Our previous study showed increased cholesterol content in Aibp2-deficient embryos (5). To determine the effect of cholesterol on HSC emergence, apoa1bp2 knockouts or morphants were treated with a cholesterol-lowering drug, atorvastatin. Atorvastatin treatment restored largely runx1 expression (Fig. 1C and fig. S7A–E) and reduced free cholesterol levels in Aibp2-deficient animals (fig. S7B&E). Furthermore, atorvastatin expanded the cmyb⁺kdrl⁺ cells in the DA floor (fig. S7F&G). These results indicate that an effective cholesterol metabolism program orchestrates HSC emergence.

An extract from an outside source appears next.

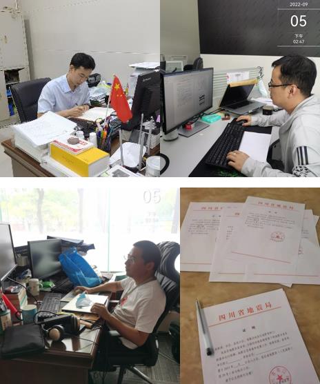 本次地震發(fā)生于成都疫情形勢嚴(yán)峻之時(shí),此前青高所除有4名工作人員在崗值守外,其余同志按要求處于居家辦公狀態(tài)。地震發(fā)生后,剛結(jié)束連續(xù)4天24小時(shí)在崗值守的吳微微副所長迅速響應(yīng),“請小區(qū)未封控的同事全員到崗”,并立即安排在崗值守的同志產(chǎn)出應(yīng)急產(chǎn)品、參與首次會(huì)商。辦公室黃雪影、褚然立刻為居家辦公同志辦理工作證明,確保未在封控區(qū)的同志能順利到達(dá)單位應(yīng)急。震后一小時(shí)內(nèi),青高所22名同志到崗,1名同志在西昌中心站參與應(yīng)急處置工作,另有3名同志奔赴現(xiàn)場一線。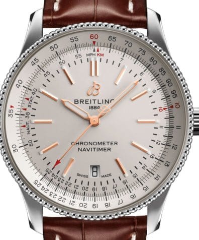A discreet date window sits at the 6 o’clock position on the dial, while the case features Breitling’s famous circular slide rule.

Cholesterol synthesis requires the master transcription factor Srebp2 (8), which is produced as an endoplasmic reticulum (ER)-bound precursor. Cholesterol depletion activates Srebp2 via two-step proteolytic cleavages, which releases its N-terminal transcriptional activation domain into the nucleus dictating the expression of genes for cholesterol biosynthesis such as Hmgcr, Srebf2, and cholesterol uptake Ldlr (8). Zebrafish genes srebf1 and srebf2 encode Srebp1 and Srebp2, respectively. Srebp1 is primarily responsible for fatty acid synthesis (8). We generated the double transgenic animal hsp70:Gal4ER^T2; UAS:apoa1bp2–2A-mCerulean3, which expressed untagged Aibp2 upon heat shock with the addition of 4-hydroxy-tamoxifen (4OHT) (Fig. 2A and fig. S8A&B). Srebp2 binds its own promoter and upregulates its mRNA expression (8), measurement of which mirrors its transcriptional activity. Aibp2 deficiency reduced, and 4OHT-induced Aibp2 overexpression increased, srebf2 expression. Whereas srebf1 expression was not changed (Fig. 2B&C and fig. S8C). These results suggest that Aibp2 regulates Srebp2 activity.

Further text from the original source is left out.